3.1 Leer y escribir imágenes: abrir (nombre de archivo de entrada), guardar (nombre de archivo de salida)
3.2 Cortar, pegar y fusionar imágenes:
recortar(): desde imagen Extrae una imagen de un tamaño rectangular determinado. Recibe como parámetro una tupla de cuatro elementos, cada elemento es (izquierda, superior, derecha, inferior) y el origen del sistema de coordenadas (0, 0) es la esquina superior izquierda.
pegar():
fusionar():
1 gt; gt; caja = (100, 100, 200, 200)
2gt;gt;gt; región = im.crop(box)
3gt;gt;gt; región.show()
4gt;gt;gt; = región.transpose(Image.ROTATE_180)
5gt;gt;gt; región.show()
6gt;gt;gt; im.paste(región, cuadro)
p> p>
7gt; gt; gt; im.show()
El efecto es:
Rotar una imagen:
1 rollo de definición (imagen, delta):
2"Rodar una imagen hacia los lados"
3
4xsize, ysize = imagen.size
5
6delta = delta xsize
7if delta == 0: devolver imagen
8
9part1 = imagen.crop((0, 0, delta, ysize))
10part2 = image.crop((delta, 0, xsize, ysize))
11image.paste(part2, (0, 0, xsize- delta, ysize))
12image.paste(part1, (xsize-delta, 0, xsize, ysize))
13
14devolver imagen
3.3 Transformación geométrica.
3.3.1 Transformación geométrica simple.
1 gt; gt; fuera = im.resize((128, 128))#
2gt; La manecilla de las horas gira 45 grados.
3gt;gt;gt;out = im.transpose(Image.FLIP_LEFT_RIGHT) #Intercambiar izquierda y derecha.
4gt;gt;gt;out = im.transpose(Image.FLIP_TOP_BOTTOM) #Intercambiar arriba y abajo.
5gt;gt;gt;out = im.transpose(Image.ROTATE_90) #Girar 90 grados.
6gt;gt;gt;out = im.transpose(Image.ROTATE_180)#Girar 180 grados.
7 gt;gt;gt;out = im.transpose(Image.ROTATE_270)#Girar 270 grados.
Las imágenes después de cada ajuste son:
Imagen 1:
Imagen 2:
Imagen 3:
Imagen 4:
3.3.2 Transformación del espacio de color.

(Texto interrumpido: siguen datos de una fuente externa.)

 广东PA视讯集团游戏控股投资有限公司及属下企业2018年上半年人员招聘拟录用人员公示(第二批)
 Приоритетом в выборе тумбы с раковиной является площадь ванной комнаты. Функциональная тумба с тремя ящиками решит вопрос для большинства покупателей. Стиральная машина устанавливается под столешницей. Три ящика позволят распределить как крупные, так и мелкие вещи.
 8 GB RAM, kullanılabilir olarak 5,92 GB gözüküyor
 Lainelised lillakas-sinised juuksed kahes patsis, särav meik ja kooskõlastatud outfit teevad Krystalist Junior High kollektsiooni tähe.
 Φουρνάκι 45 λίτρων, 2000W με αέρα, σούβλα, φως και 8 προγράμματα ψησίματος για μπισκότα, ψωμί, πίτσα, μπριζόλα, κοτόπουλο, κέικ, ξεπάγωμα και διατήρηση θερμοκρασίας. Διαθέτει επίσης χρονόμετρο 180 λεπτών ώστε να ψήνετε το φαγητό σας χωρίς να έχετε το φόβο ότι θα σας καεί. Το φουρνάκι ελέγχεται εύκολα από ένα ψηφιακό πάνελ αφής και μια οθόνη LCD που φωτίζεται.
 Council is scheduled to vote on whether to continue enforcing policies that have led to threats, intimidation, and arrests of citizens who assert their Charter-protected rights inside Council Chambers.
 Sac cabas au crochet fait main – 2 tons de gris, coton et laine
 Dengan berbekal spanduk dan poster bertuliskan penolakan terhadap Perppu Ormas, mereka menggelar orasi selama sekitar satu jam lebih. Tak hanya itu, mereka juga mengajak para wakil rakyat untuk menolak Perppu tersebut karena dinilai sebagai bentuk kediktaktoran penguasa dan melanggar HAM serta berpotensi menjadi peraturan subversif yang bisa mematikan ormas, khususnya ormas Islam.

convert(): Esta función se puede utilizar para convertir imágenes a diferentes modos de color.
3.3.3 Mejora de la imagen.
Filtros: En el módulo ImageFilter, puede utilizar la función de filtro para utilizar una serie de filtros de mejora predefinidos en el módulo.

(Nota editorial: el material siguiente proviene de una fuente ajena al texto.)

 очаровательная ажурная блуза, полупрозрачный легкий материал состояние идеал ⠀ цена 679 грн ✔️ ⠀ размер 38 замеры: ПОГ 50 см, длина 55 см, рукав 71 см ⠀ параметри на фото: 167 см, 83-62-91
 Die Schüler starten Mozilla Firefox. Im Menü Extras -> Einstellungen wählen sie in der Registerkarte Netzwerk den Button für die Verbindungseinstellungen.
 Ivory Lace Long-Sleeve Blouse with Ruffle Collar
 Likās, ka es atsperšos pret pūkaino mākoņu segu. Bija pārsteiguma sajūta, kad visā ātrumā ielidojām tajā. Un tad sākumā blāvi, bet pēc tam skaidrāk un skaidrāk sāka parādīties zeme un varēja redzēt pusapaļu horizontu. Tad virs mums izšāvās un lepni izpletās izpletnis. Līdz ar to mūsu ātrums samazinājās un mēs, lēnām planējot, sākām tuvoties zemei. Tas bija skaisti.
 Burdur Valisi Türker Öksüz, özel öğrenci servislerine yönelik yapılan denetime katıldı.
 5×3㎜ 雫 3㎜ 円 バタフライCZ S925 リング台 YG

1 gt; gt; gt; importar filtro de imagen
2 gt; gt; imfilter(ImageFilter.DETAIL)
3 gt; gt; gt; imfilter.show()
3.4 Secuencia de imágenes.
Esos son los gráficos dinámicos que vemos a menudo. El sufijo más común es .gif, y también hay FLI/FLC. La biblioteca PIL también proporciona soporte básico para este diagrama de formato de animación. Cuando abrimos este tipo de archivo de imagen, PIL carga automáticamente el primer fotograma de la imagen. Podemos movernos entre fotogramas usando los métodos de buscar y decir.
1 importar imagen
2 im.seek(1)# saltar al segundo fotograma
3
4 intentar: p> p>
5 while 1:
6im.seek( im.tell()1)
7# haz algo con im
8 excepto EOFError:
9pass
3.5 Más sobre lectura de archivos de imagen.
La forma más básica: im = Image.open("filename")
Lectura de archivos de clase: fp = open("filename", "rb"); open(fp)
Lectura de datos de cadena: import StringIO; im = Image.open(StringIO.StringIO(buffer))
Lectura de archivos comprimidos: import TarIO; TarIO("Image.tar", "Image/test/lena.ppm"); im = Image.open(fp)
Este es el final de la práctica básica de PIL. La funcionalidad de otras funciones se puede encontrar aquí para leer más.